Вслед за охранником в это поле смерти шагнул плотный мужчина в длинном кашемировом пальто зеленого цвета и белоснежном шарфе. Черные волосы густо пробивала седина. Тонкие линии градуировки оптики захватили мясистое горбоносое лицо. Все звуки для человеко-прицела замерли. Палец на полированном спусковом крючке слегка напрягся. Механизм введения поправок в мозгу подсказал: фаза наименьшего тремора. Человеко-прицел мягко надавил спуск.
…Гурген ощутил какое-то странное беспокойство. Все было как всегда — Резо стоял у предупредительно распахнутой дверцы паджеро, приятно ласкало чистую кожу шелковое белье, луч вечернего солнца вспыхнул между домами…
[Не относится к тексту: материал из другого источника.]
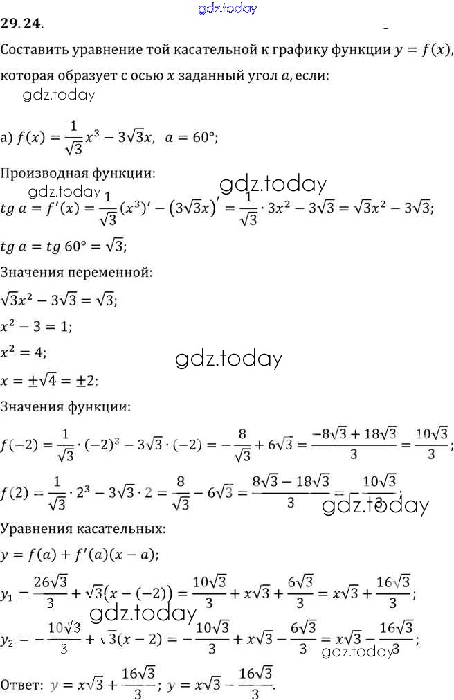 Ответы к §29. Уравнение касательной к графику функции Глава 5 29. 24 Задачнику по Алгебре для 10-11 класса Мордкович, Денищева Базовый уровень Мнемозина 2015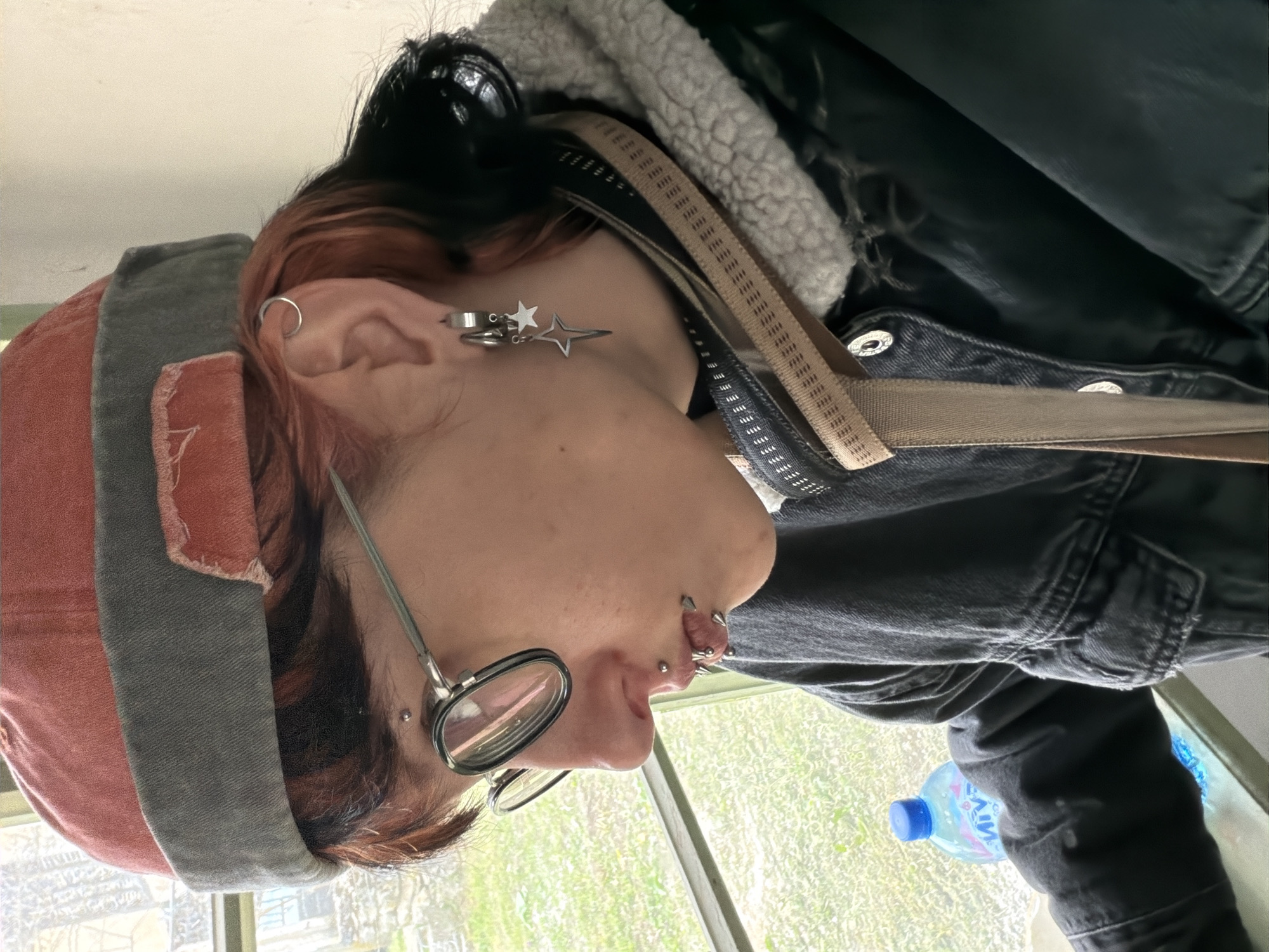A person wearing glasses, a hat, and a jacket is positioned indoors, possibly in front of a window with a view of greenery. The person has multiple ear piercings and piercings around the mouth. A water bottle is visible near the window. No definitive evidence suggests this is in Karlukovo, Bulgaria.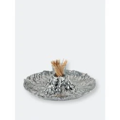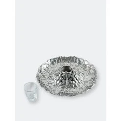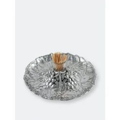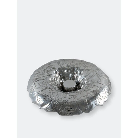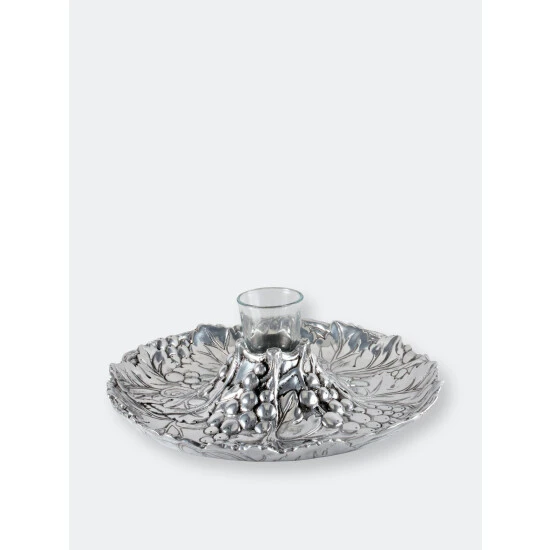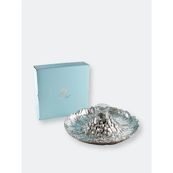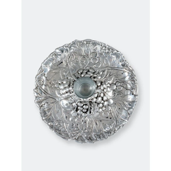 Round coupe tray with filigree edges is a vineyard fantasy of grape bunches, leaves and vines. Featuring a votive-sized glass holder in the middle, this tray is a stunning way to serve an assortment of crudités, nuts, olives or any tidbit collection. The glass holder in the middle will hold picks, hors d’oeuvres forks or even a tealight candle. A beautiful addition to your serving collection, this server is perfect for al fresco cocktail parties or movie nights.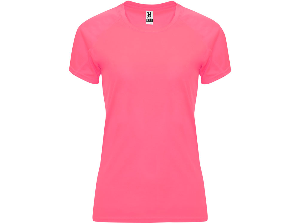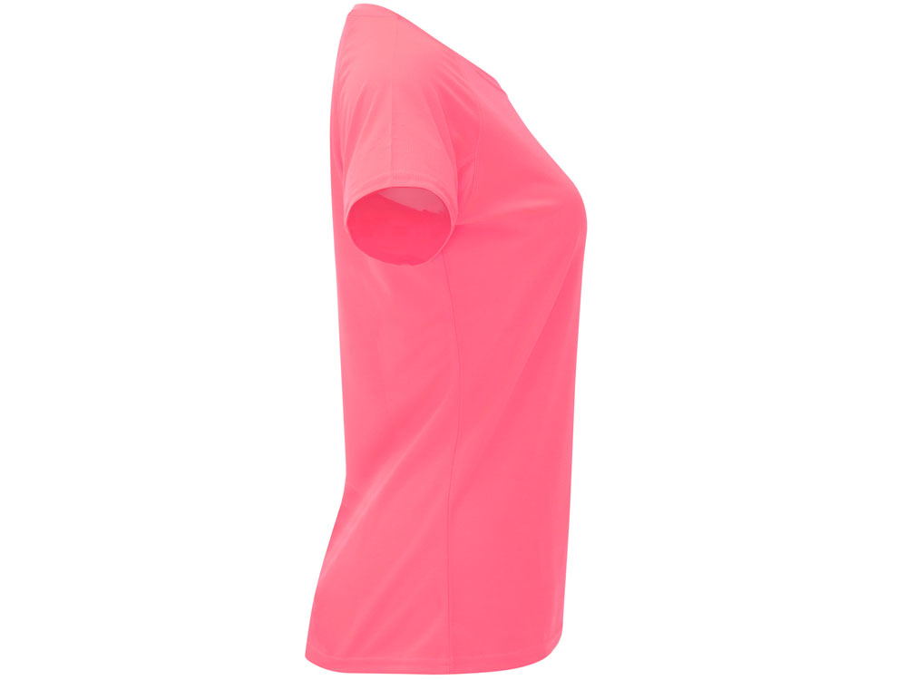 Спортивная футболка с коротким рукавом реглан для женщин. Круглый вырез горловины с отделкой плоским швом. Рукав сложного кроя для обеспечения дополнительного удобства при занятиях спортом. Отделка плоским швом с застилом по пройме и рукавам.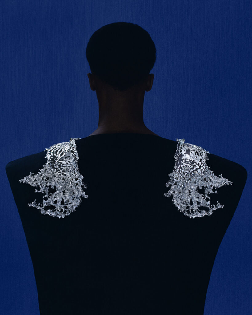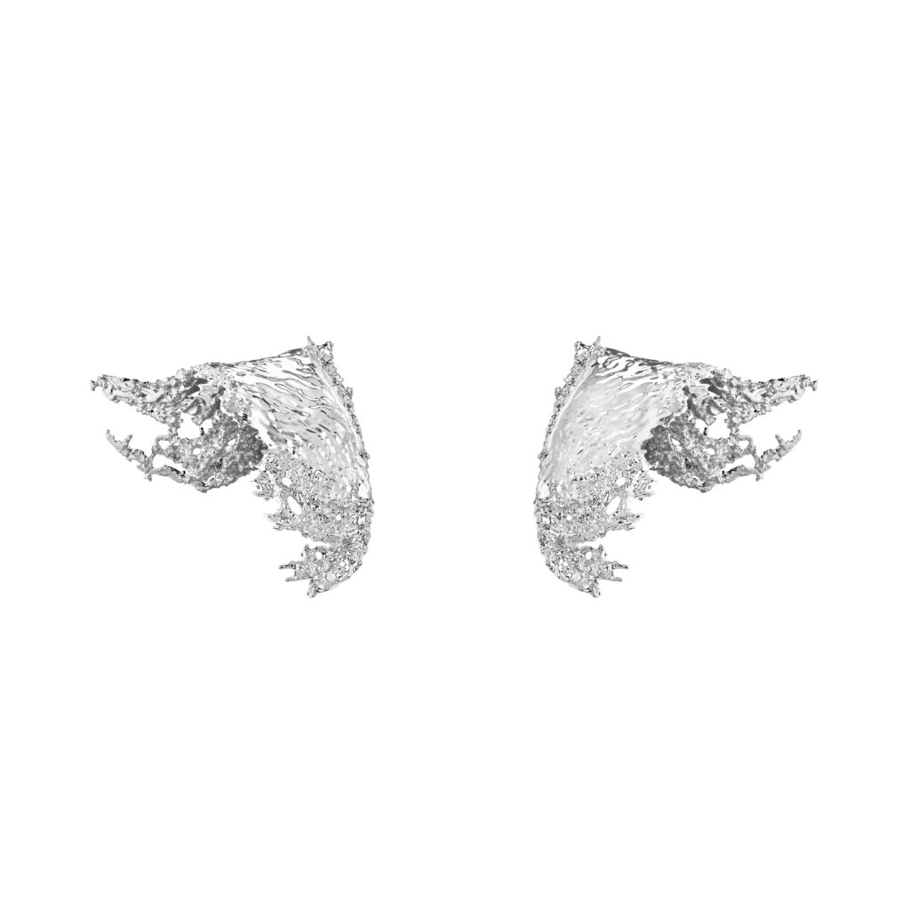 Les broches d’épaule « Eau Vive », en aluminium et pavées de diamants, capturent la force impétueuse des eaux islandaises. Sculptées à partir d’un bloc d’aluminium, ces pièces légères et brillantes ont nécessité 980 heures de travail.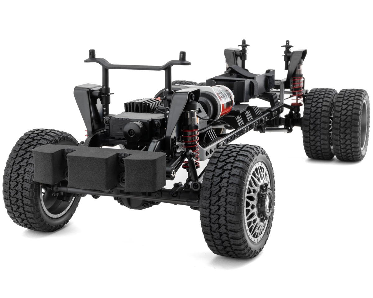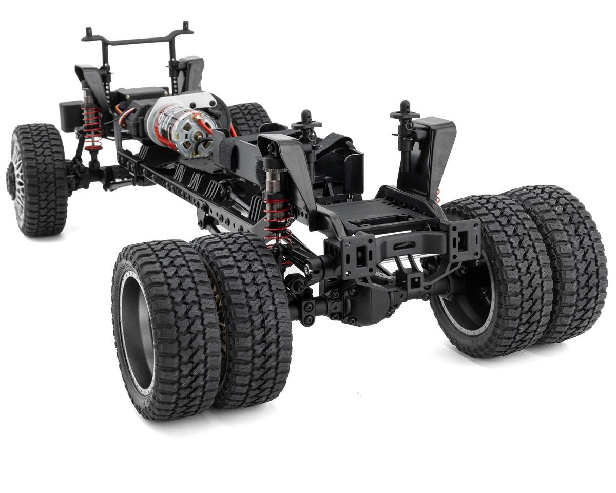 The steel-frame rails and chassis-mounted servo (CMS) chassis design provide a sturdy backbone for the truck, ensuring durability during rugged use. Stamped steel shock hoops and a steel skid plate enhance the structural integrity, while adjustable turnbuckles and a high-torque servo horn ensure fine-tuned performance. This chassis is complimented by the KG1 Forged Trident-D wheels, designed to combine striking aesthetics with functional durability. These precision-engineered wheels feature a realistic design, with a thirty-five-millimeter width at the front and a thirty-one-millimeter width at the rear, enhancing the truck's authentic scale appearance.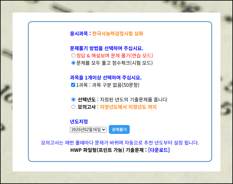 과목 선택 후에는 풀이 방법과 연도를 지정해요. '연습모드'에서는 해설을 보며 기출문제를 풀고, '시험모드'에서는 모든 문항을 풀고 한꺼번에 채점받을 수 있습니다. 자신의 학습 단계에 맞게 선택하세요.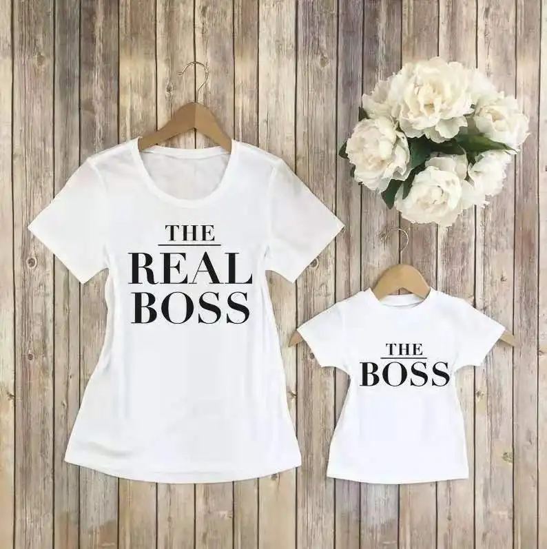 Милая футболка с короткими рукавами с надписью «Real Boss», с круглым вырезом, для папы и мамы, для семьи из четырех человек, новая одежда для родителей и детей

На скорости восемьсот сорок метров в секунду остроносая пуля весом девять и пять десятых грамма без всякого усилия пробила лобную кость шестидесятилетнего вора в законе. Он успел заметить странный фиолетовый проблеск — и наступила темнота. Грохота выстрела он уже не услышал. Он не услышал и не увидел, как всполошилась охрана, закричал водитель его джипа… Гурген еще опускался на асфальт, а человеко-прицел на чердаке мгновенно передернул затвор, выбросивший стреляную гильзу, поймал в прицел голову Резо и снова нажал на спуск. Он не прицеливался — выстрелил интуитивно — и, разумеется, попал. В этот момент он сам был тем, что по-английски называют smallarms[35], по-немецки Schutzwafien, по-испански armamento de infanteria и по-французски armement d'infanterie.
Красивые слова, если забыть, что они подразумевают убийство человека.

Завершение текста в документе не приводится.